§ **Instructions to follow**: An exact reproduction of all the data is needed, with no images in it.

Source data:
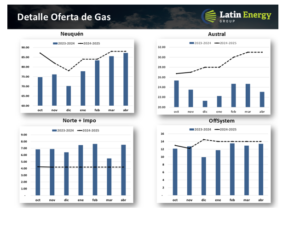 - Neuquén: Incremento de 6 MMm³/día en línea con las tendencias de los últimos meses, alcanzando un promedio de 84,4 MMm³/día.
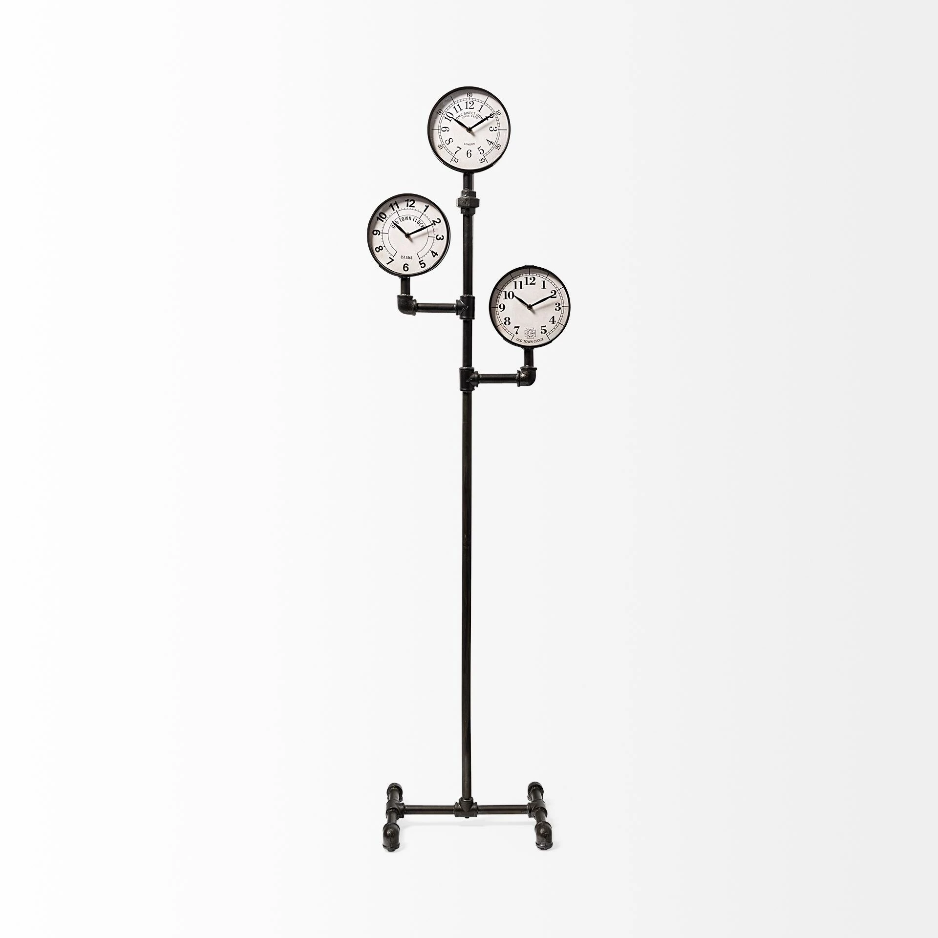 Trifect is a different style of floor clock that we know you won’t be able to take you eyes off of. Inspired by old iron pipes and gauges it features 3 different clock faces with 3 different face designs so you can track what time it is with friends and family all over the world.
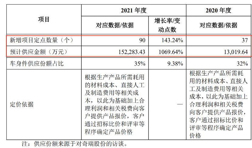 大昌科技回复问询函资料显示,2020年及2021年,大昌科技与奇瑞汽车的新增项目定点数量分别为37个、90个;预计供应金额分别为1.30亿元、15.23亿元。若以此计算,2021年的预计供应金额同比上涨1069.64%。
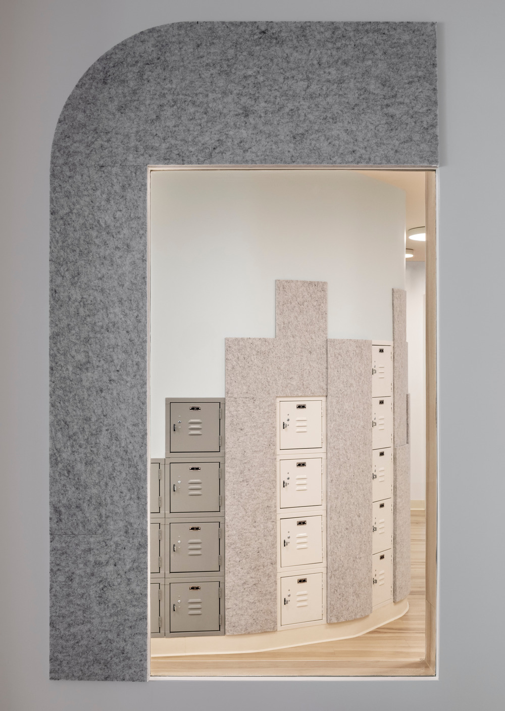 Le programme parascolaire pour les élèves de l’école élémentaire est accessible en haut des escaliers de la zone de réception. Des ouvertures apportent de la lumière et des vues sur la cour et la rue. Des casiers enveloppent le volume de la cour, sous la forme d’une ligne d’horizon de la ville.
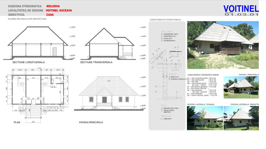 MATERIAL: -lemn de brad; TEHNICA: -arhaică; IMBINARE: -cununi de bârne cioplite pe 4 laturi
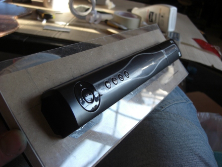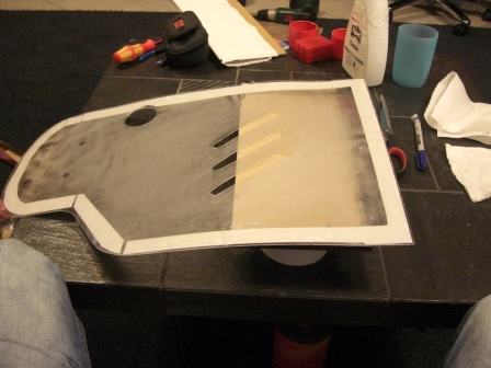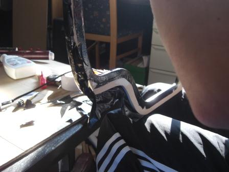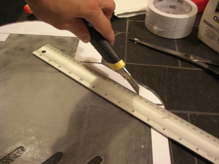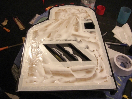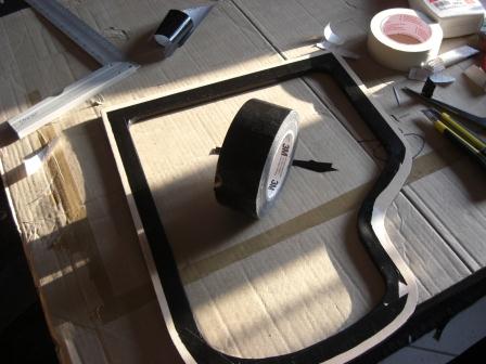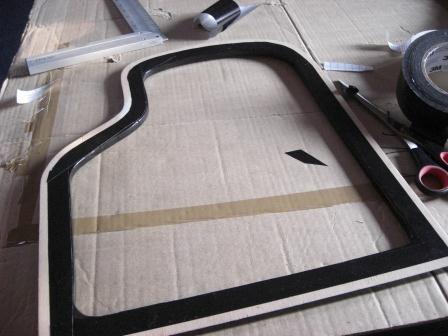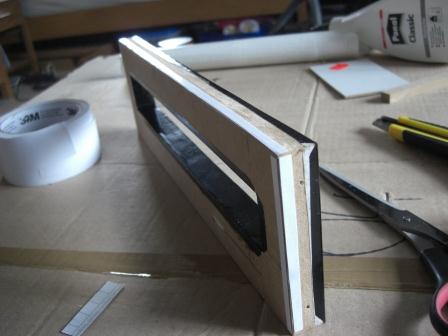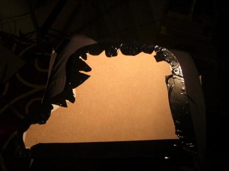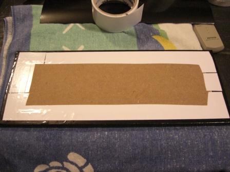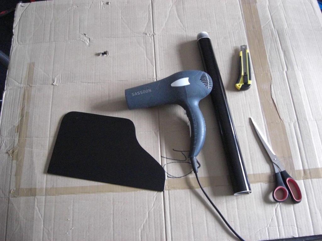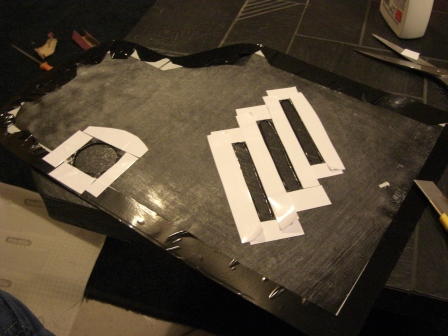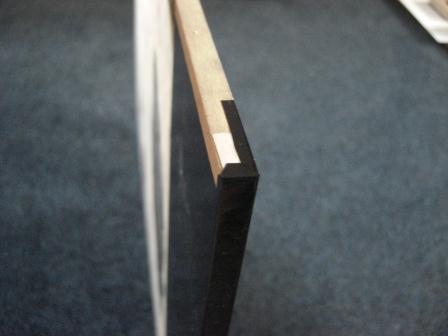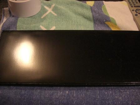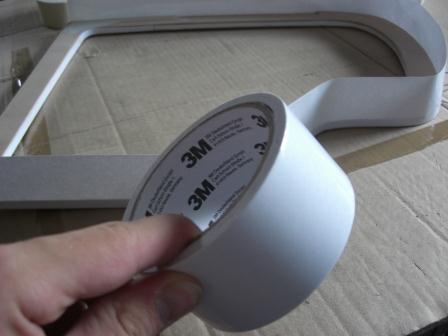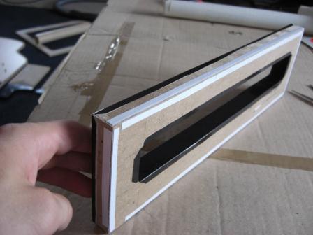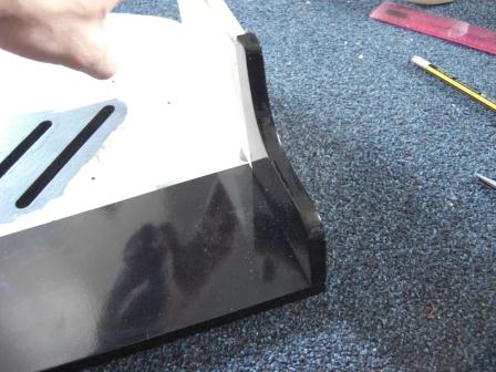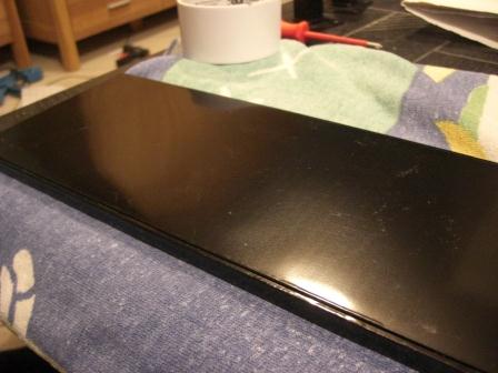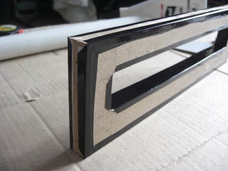 2) Beziehen des Rollenglases mit schwarzer Hochglanzfolie. Die Ränder der Rückseite mit Doppelklebeband versehen. Das Teil mit Hochglanzfolie beziehen, dabei darauf achten eine Vorrichtung zu bauen mit der man es blasenfrei hinkriegen kann. (siehe Bild 144)

§ **Solution to the exercise**:
 - Neuquén: Incremento de 6 MMm³/día en línea con las tendencias de los últimos meses, alcanzando un promedio de 84,4 MMm³/día.
 Trifect is a different style of floor clock that we know you won’t be able to take you eyes off of. Inspired by old iron pipes and gauges it features 3 different clock faces with 3 different face designs so you can track what time it is with friends and family all over the world.
 大昌科技回复问询函资料显示,2020年及2021年,大昌科技与奇瑞汽车的新增项目定点数量分别为37个、90个;预计供应金额分别为1.30亿元、15.23亿元。若以此计算,2021年的预计供应金额同比上涨1069.64%。
 Le programme parascolaire pour les élèves de l’école élémentaire est accessible en haut des escaliers de la zone de réception. Des ouvertures apportent de la lumière et des vues sur la cour et la rue. Des casiers enveloppent le volume de la cour, sous la forme d’une ligne d’horizon de la ville.
 MATERIAL: -lemn de brad; TEHNICA: -arhaică; IMBINARE: -cununi de bârne cioplite pe 4 laturi
 2) Beziehen des Rollenglases mit schwarzer Hochglanzfolie. Die Ränder der Rückseite mit Doppelklebeband versehen. Das Teil mit Hochglanzfolie beziehen, dabei darauf achten eine Vorrichtung zu bauen mit der man es blasenfrei hinkriegen kann. (siehe Bild 144)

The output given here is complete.